#clarification on embeddings and data retrieval

1 messages · Page 1 of 1 (latest)

spring blaze
#

hello community!
I have sort of a dumb confusion and i hope I can clarify this somehow.
i'm using lanchain and opensearch for my project and openai embeddings to embed my data:
`db = OpenSearchVectorSearch.from_documents(
langchain_docs,
embedding=embeddings,
opensearch_url="http://localhost:9200",
index_name="netskope_docs_langchain",

)`

here is where the confusion lies - my understanding is that i can do the embeddings only once so basically i will use the openai api when i do the initial embedding calculation and when i write them to the vector store
the question is - every time i retrieve something from the vector store, do I leverage openai api or it all happens locally ?

thank you!

junior basin
#

looks like it may use OpenAI API if you pass in a text to search into a vector database (see here: https://python.langchain.com/docs/modules/data_connection/vectorstores/integrations/opensearch#similarity_search-using-painless-scripting)

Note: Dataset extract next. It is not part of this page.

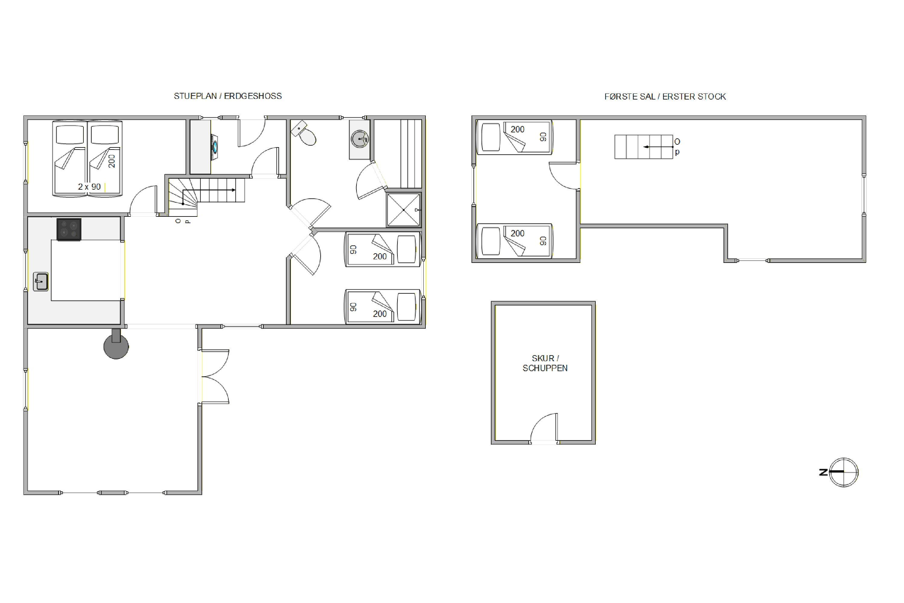 Der nahegelegene und wunderschöne Strand der Nordseeküste ist nur 1800 m entfernt und lädt zu ausgiebigen Spaziergängen und erfrischenden Badeausflügen ein. Auch euer Hund wird es lieben. Sollte es euch an Vorräten fehlen oder ihr habt Lust ein bisschen zu shoppen, sind die nächsten Einkaufsmöglichkeiten in dem ca. 2900 m entfernten Badeort Søndervig leicht erreichbar.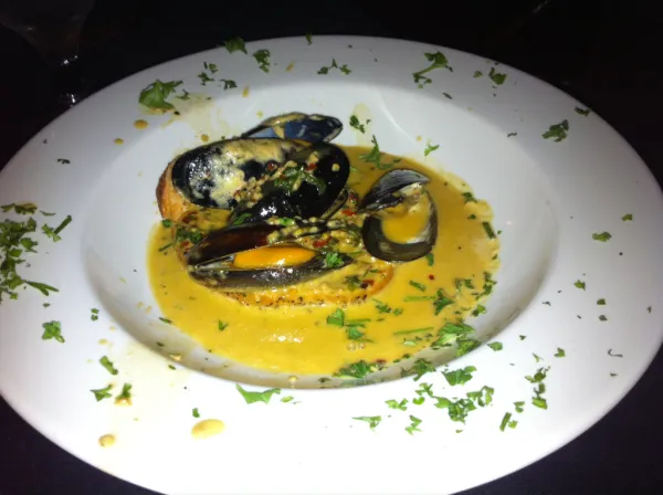 My favorite dish was a serving of mussels. These were prepared in a sauce of white wine, heavy whipping cream (Snowville of course), garlic, red pepper flakes and parsley. All simple ingredients and all mixed to just the right proportion. The sauce and mussels were draped onto a freshly toasted slice of bread which swam and then sunk into the sauce. The best sign of a good dish of mussels is when I choose to drink the sauce at the end. I left no drop behind.

OpenSearch is a scalable, flexible, and extensible open-source software suite for search, analytics, and observability applications licensed under Apache 2.0. OpenSearch is a distributed search and analytics engine based on Apache Lucene.

fresh seal
spring blaze
#

Thank you both!
So to summarize my understanding:

  • at initial adding of vectors to vector store, openai api is used for vector calculation
  • at any subsequent retrieval based on a query, the openai api is also for query embedding calculation
  • vector store provides the capability to retrieve the most relevant documents
junior basin
# fresh seal The whole point of using a vector store / db, is so that you can "store" your ve...

I think the thing for him is that he's probably gonna use the OpenAI API to embed raw text if that is his input (which will cost him $$$). Otherwise if he has the embeddings on hand, it's up to the local storage of the DB to handle the retrieval. That said, I haven't used langchain, so I'd have to deep dive the code and documentation to see if they can input embeddings as queries to their DB.